No humans required. As long as you have text, you can create training data automatically.

This approach is called self-supervised learning. Unlike classic unsupervised learning (where no labels exist at all), self-supervised methods generate labels directly from the raw data itself. That’s why modern LM training almost always falls under the self-supervised umbrella.


Web-Scale Data

Back in the early days, available text datasets were tiny: a few MBs of news articles, some licensed books, or manually curated corpora. Even Wikipedia dumps in the single-digit GB range felt massive.

Then the internet changed everything. The web is fundamentally text-driven, and its scale is mind-boggling. Wikipedia? That’s just a drop in the bucket.

Projects like Common Crawl began collecting enormous swaths of web data—tens of terabytes and growing. And the best part? It’s freely available.

On top of that, many platforms have released their own cleaned-up datasets (within legal limits), which, while smaller, often have much higher quality than raw crawled text.


When the Two Collide

Now put these pieces together:

  • Self-supervised learning means we don’t need humans to label text.

  • Web-scale data means we suddenly have oceans of training material.

The result? A perfect storm for building today’s LLMs. That’s how we got from tiny datasets in the MB range to massive, automatically labeled corpora in the TB range—the fuel that makes GPTs, PaLMs, and LLaMAs possible.


Algorithms

Even if you have oceans of data, you still need a good algorithm to digest it.

And here enters the celebrity of modern AI: the Transformer.

Released by Google in 2017, the Transformer is both an architecture and a set of structural ideas. You’ll hear people call it the Transformer model, the Transformer architecture, or just Transformer. Doesn’t matter — it’s the engine under the hood of nearly every LLM today.

But why is this thing so powerful? To explain that, we need to take a quick detour into a core concept: Sequence-to-Sequence models.


Sequence to Sequence

First things first: what’s a sequence? It’s just a list of items in order.

  • 1, 5, 3, 2, 1 → a sequence of numbers

  • ant, frog, dog, horse → a sequence of animals

  • I, went, to, school, yesterday → a sequence of words

In NLP, our main interest is the last one: word sequences, or simply, sentences.

Now, Sequence-to-Sequence (seq2seq) literally means sentence → sentence. In other words, one sentence gets transformed into another.

The most obvious example? Translation.

  • “나는 어제 학교에 갔다.” → “I went to school yesterday.”

But translation isn’t the only seq2seq task:

  • Summarization: long text → shorter text

  • Sentiment classification: review text → “positive” or “negative” (classification framed as text output)

  • Named Entity Recognition: input sentence → same sentence but with tags/highlighted entities (also cast as seq2seq)

Once you think this way, you realize seq2seq is almost a universal recipe for NLP tasks.


How Do We Translate?

Here’s the million-dollar question: how does your brain actually translate “나는 어제 학교에 갔다” into “I went to school yesterday”?
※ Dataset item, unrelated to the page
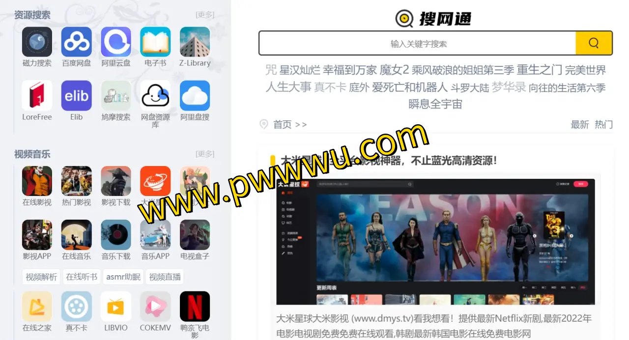 搜网通是一个综合性的网络资源搜索平台,能够帮助用户查找各类数字内容。无论是磁力链接、云端存储文件、电子书籍、影视节目还是音乐曲库,都可以在这里进行检索。这个工具覆盖范围广泛,当您需要寻找特定资料时,不妨来试试看。

Answer: we don’t really know.

A classic hypothesis is the Inter-lingua theory: instead of going word-by-word, the brain converts the sentence into some abstract, universal “meaning language” (the inter-lingua) and then expresses it in the target language.

Conceptually:

  1. Korean sentence → Inter-lingua

  2. Inter-lingua → English sentence

In ML terms:

  • Encoding: convert source text into a hidden representation

  • Decoding: generate the target text from that hidden representation

That hidden representation isn’t human language. It’s an abstract space — what we in ML usually call latent vectors. The “inter-lingua” metaphor is useful, but in practice it’s math.


Encoding and Decoding — With an Analogy

Think data formats:

  • Encoding: turning light into video files, or compressing files into ZIP format. Same content, different form.
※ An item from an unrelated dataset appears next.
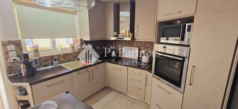 Πωλείται Διαμπερές Διαμέρισμα 5ου ορόφου, 108 τ.μ., στο κέντρο της Καλλιθέας. Μπαίνοντας συναντάμε τον Ενιαίο χώρο Καθιστικού-Τραπεζαρίας με Τζάκι και της Ανακαινισμένης Κουζίνας, ενώ στα αριστερά μας οδηγούμαστε προς τα Τρία Υ/Δ -με πρόσβαση σε Μπαλκόνι-, το Μπάνιο και το WC. Στη μπροστινή πλευρά του σπιτιού υπάρχει Βεράντα με Τέντες. Τα Κουφώματα είναι Αλουμινίου με Διπλά Τζάμια και η Θέρμανση Αυτόνομη Πετρελαίου. Διαθέτει Πόρτα Ασφαλείας, Θυροτηλεόραση, Κλιματισμό και Δύο Θέσεις Στάθμευσης σε Πυλωτή. Το παρόν Ακίνητο βρίσκεται σε πολύ καλό σημείο της περιοχής μόλις λίγα μέτρα από την Σιβιτανίδου και την Θησέως όπου υπάρχει ΄άμεση πρόσβαση σε Στάσεις Λεωφορείων και την ευρύτερη Αγορά. Επίσης, απέχει 10 λεπτά -με τα πόδια- από τον ΗΣΑΠ Καλλιθέας. - Για περισσότερες πληροφορίες ή για να κανονίσετε επίσκεψη, παρακαλούμε επικοινωνήστε μαζί μας. - Για την υπόδειξη του ακινήτου είναι απαραίτητη η υπόδειξη της αστυνομικής ταυτότητας και του Α.Φ.Μ. σας σύμφωνα με τον Ν.4072/11-4-2012 ΦΕΚ 86 Α.- P & Partners Real Estate, www.ppartners.gr, e-mail: info@ppartners.gr, Τηλ: 211 182 33 66

  • Decoding: playing that video file, unzipping that compressed folder, or decrypting a spy’s coded message.

Sometimes we call decoding generation, especially in NLP, since the model isn’t just restoring the original — it’s producing new text in a different form.

That’s exactly what translation does:

  • Encode: Korean → latent meaning representation

  • Decode: latent meaning → English

Why does this matter?

This encode/decode structure is perfect for deep learning because ML excels at learning A → B mappings from lots of examples. With enough bilingual pairs (or any source–target pairs), a model can learn how to encode and decode by itself.
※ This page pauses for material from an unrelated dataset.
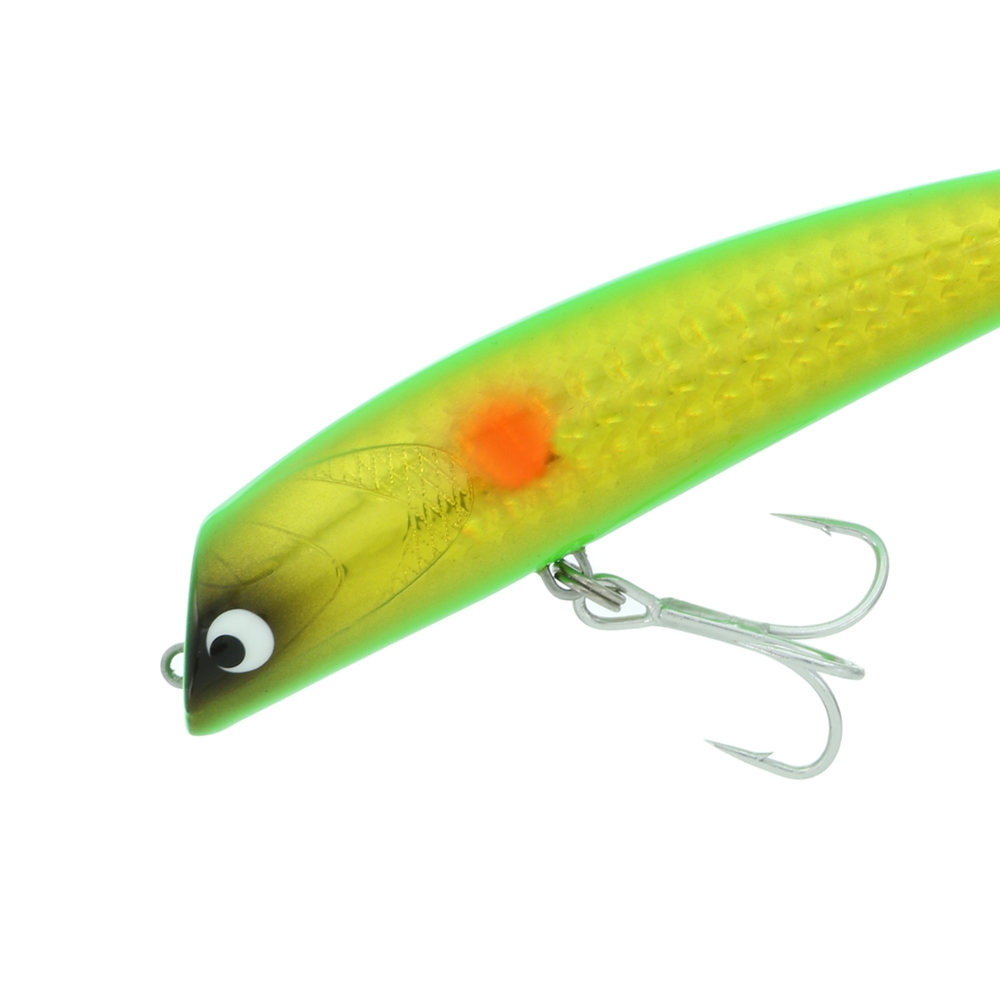 ボディ側面はシルバーよりも濁り水の中でアピールしやすいゴールド(レンズゴールド)を両面に配置し、バック&ベリーは最近釣れると評判のライムグリーンを配置しました。

And that’s where Transformers come in: they’re the best seq2seq engine we’ve discovered so far.


Back to Transformers

At its core, a Transformer is a very clever encoder–decoder model.

If you’ve Googled “Transformer” before, you’ve almost certainly seen a diagram like this: (left = encoder stack, right = decoder stack).

Flow:

  1. The input sentence (“I went to school yesterday”) goes into the encoder stack on the left.

  2. It passes through several encoder blocks, gradually turning into a Context representation.

  3. That Context is fed into the decoder stack on the right, where it guides generation.

  4. The decoder outputs probabilities for each possible next word.

Let’s make this concrete. Imagine our vocabulary has 10,000 words:

  • ID 1 = “a”

  • ID 2 = “apple”

  • ID 8789 = “went”

If the decoder is trying to predict the next word after “I,” it might output something like:

  • Word 1 (“a”): 0.00001

  • Word 2 (“apple”): 0.0004

  • Word 8789 (“went”): 0.901

Clearly, “went” is the winner.


Stacking Blocks

Those “Encoder” and “Decoder” boxes are actually stacks of blocks:

  • Each Encoder Block feeds the next Encoder Block.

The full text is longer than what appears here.